Getting enough quality sleep is an essential part of wellness. Studies show the importance of quality sleep for our body and our mind -- and overall well-being. Continued sleep depravation can contribute to physical health problems such as weight gain, high blood pressure, blood vessel damage leading to increased heart disease risk, and a decrease in our immune system. Lack of sleep affects our brain in a number of ways, from affecting our ability to learn and retain information (cognitive functioning) to mood swings, increased irritability, and long-term mental health issues.

While there is no question about the importance of sleep, there is still some debate about how much sleep people need. On average, people are programmed for 16 hours of awake time and 8 hours of sleep -- but some folks can function quite well on only 6 hours of sleep while others need 10 hours. As people get older, our sleep patterns get lighter, often resulting in less sleep during the night unless other measures are taken. In terms of mental and physical health issues, studies seem to point to consistently getting 7 hours or more of sleep as the best.

Want -- or need -- to improve on your sleep (and improve your health and wellness)? Follow these 10 quick sleep tips.

1. Keep to a regular schedule. Probably the most important thing you can do to get a good night's sleep is to keep to a regular bedtime and morning schedule. While it may not be possible every night, try to go to bed about the same time to train your body's internal clock.

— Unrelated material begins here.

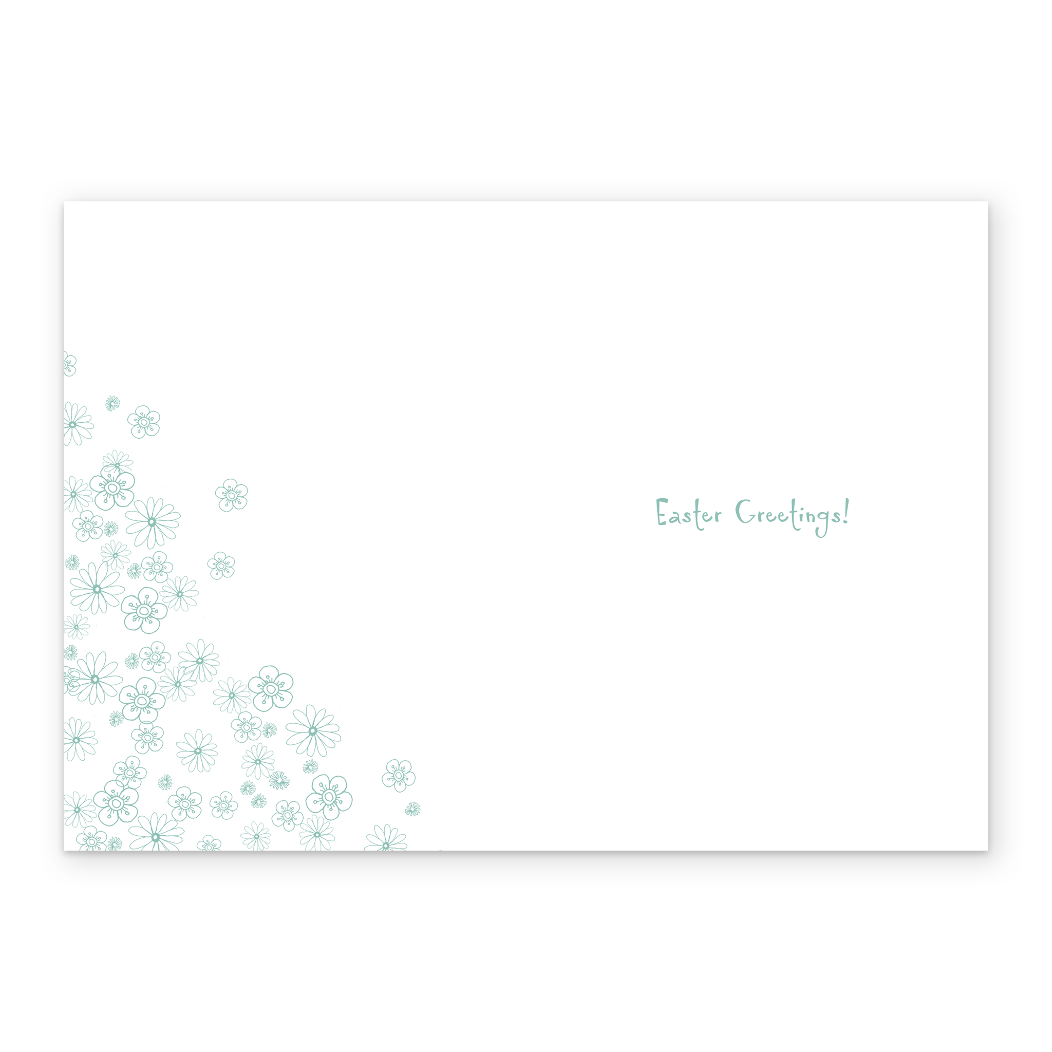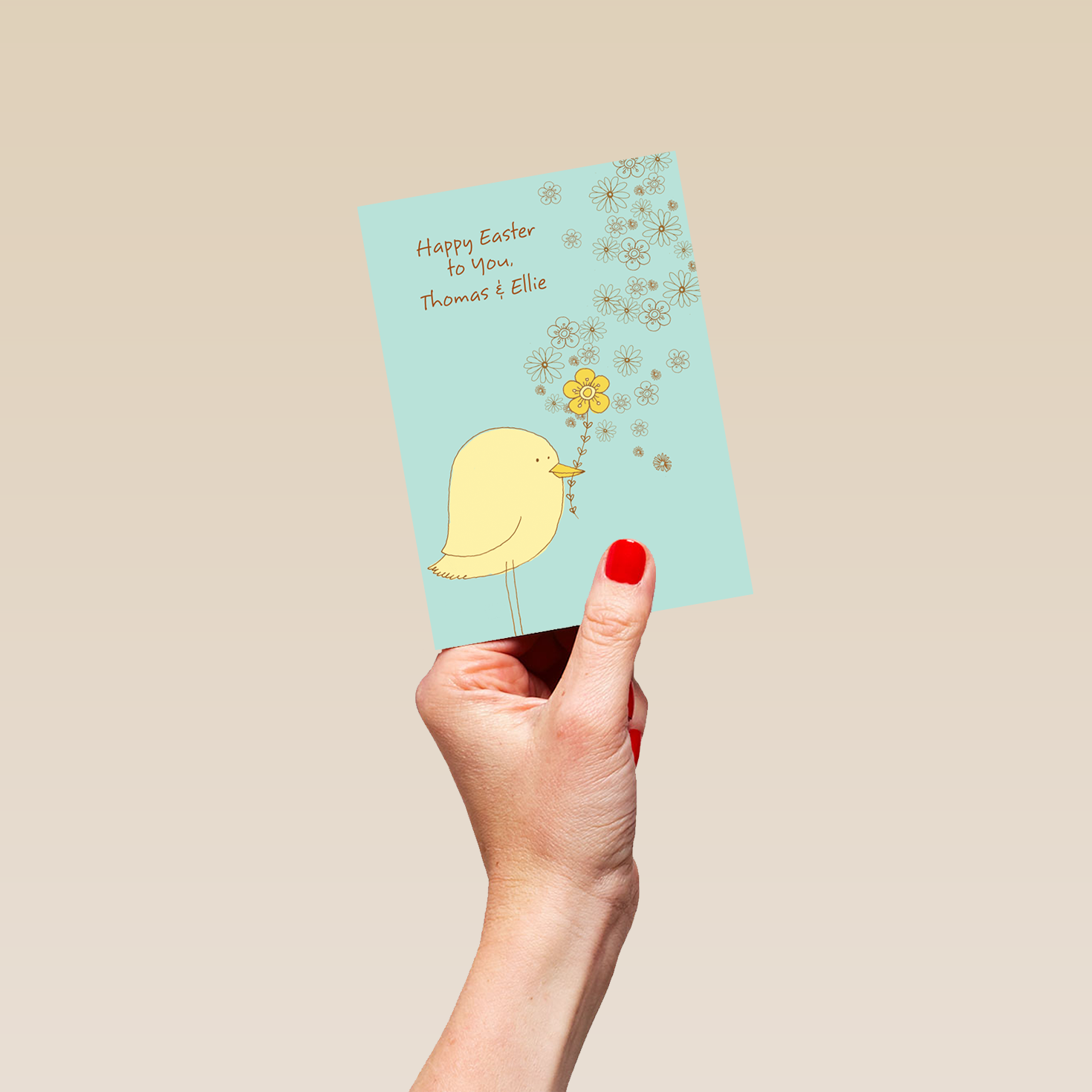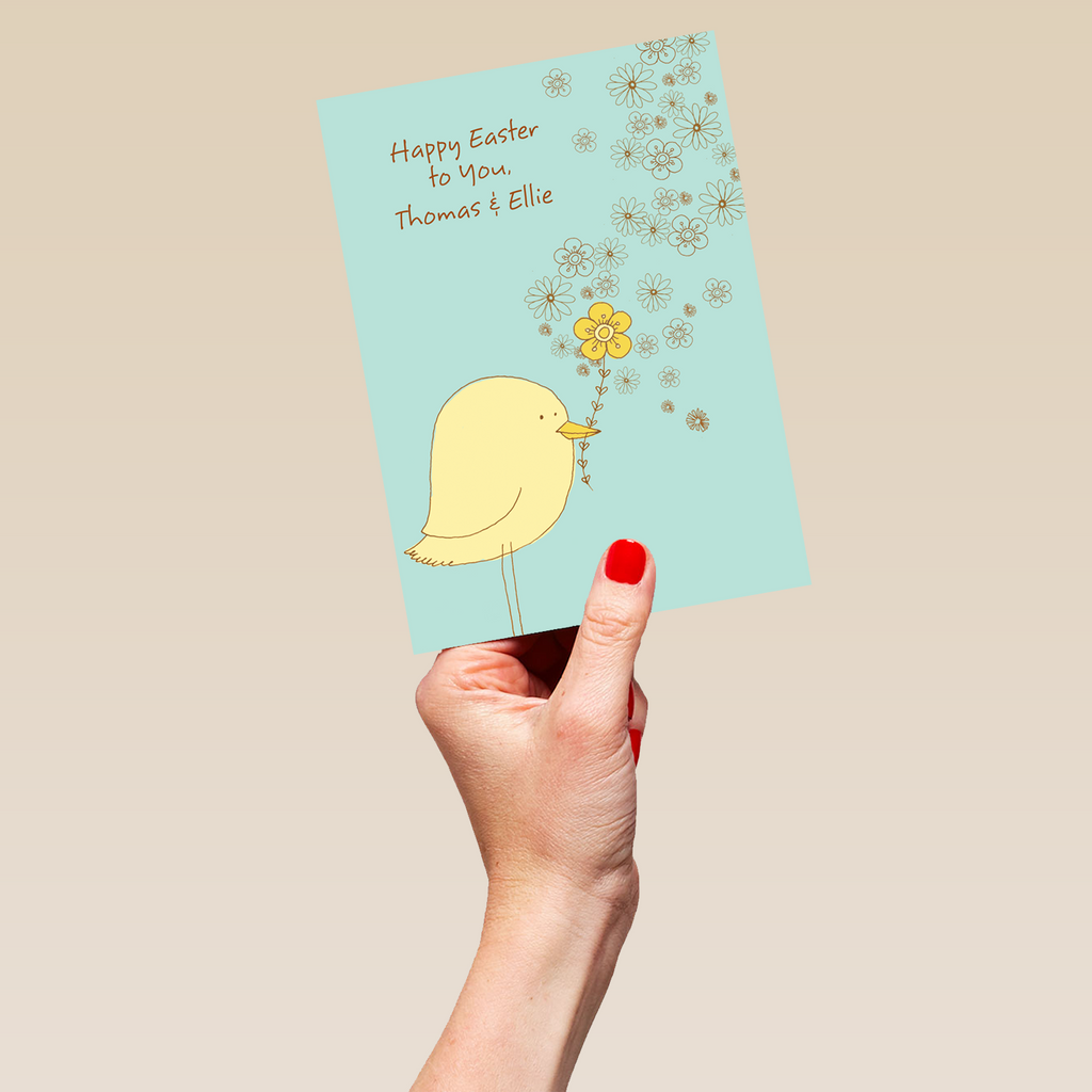 Printed on premium-quality board, this card features a cute illustrated yellow chick holding a flower in it's beak, on a floral embellished light green background, with the message 'Happy Easter to you,', space to personalise a name, and comes complete with a co-ordinating white envelope.

2. Strive for ideal sleeping conditions. Try to minimize noise, light, and excessive hot and cold temperatures where you sleep. Turn off lights and use window coverings to block out street noise and lights -- as well as light streaming in too early in the morning. Avoid interruptions from children or other guests. Consider ear plugs, eye covers, sound machine, and/or fan to assist in obtaining the perfect sleeping environment.

3. Avoid using alarm clocks. Most people have an internal alarm clock, which works best when we are getting enough sleep. Alarm clocks jar us from our sleeps and dream-states. Use the snooze alarm? Stop that behavior too because it does not offer any real health or sleep benefits.

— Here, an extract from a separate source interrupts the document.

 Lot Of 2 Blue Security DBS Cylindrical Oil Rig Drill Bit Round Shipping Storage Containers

4. Don't drink alcohol before bed. Interestingly, according to experts, alcohol is the top self-prescribed sleep aid. Unfortunately, while alcohol is a sedative that can promote sleep, alcohol-induced sleep commonly leads to awakening just a few hours later -- leading to difficulty in getting back to sleep.

5. Don't consume caffeine (or other drugs) before bed. In fact, if you can, avoid it entirely. For the rest of us, try to limit caffeine for at least six hours before you plan to go to bed -- otherwise you'll find yourself lying in bed with your mind (and sometimes your heart) racing.

6. Don't eat anything before bed. Eating before bed is bad because eating causes your digestive system to go into action. If you do eat, try and eat light -- and avoid spicy or fatty foods that can cause heartburn and other digestive ailments that might keep you awake. (And certainly don't eat in bed!)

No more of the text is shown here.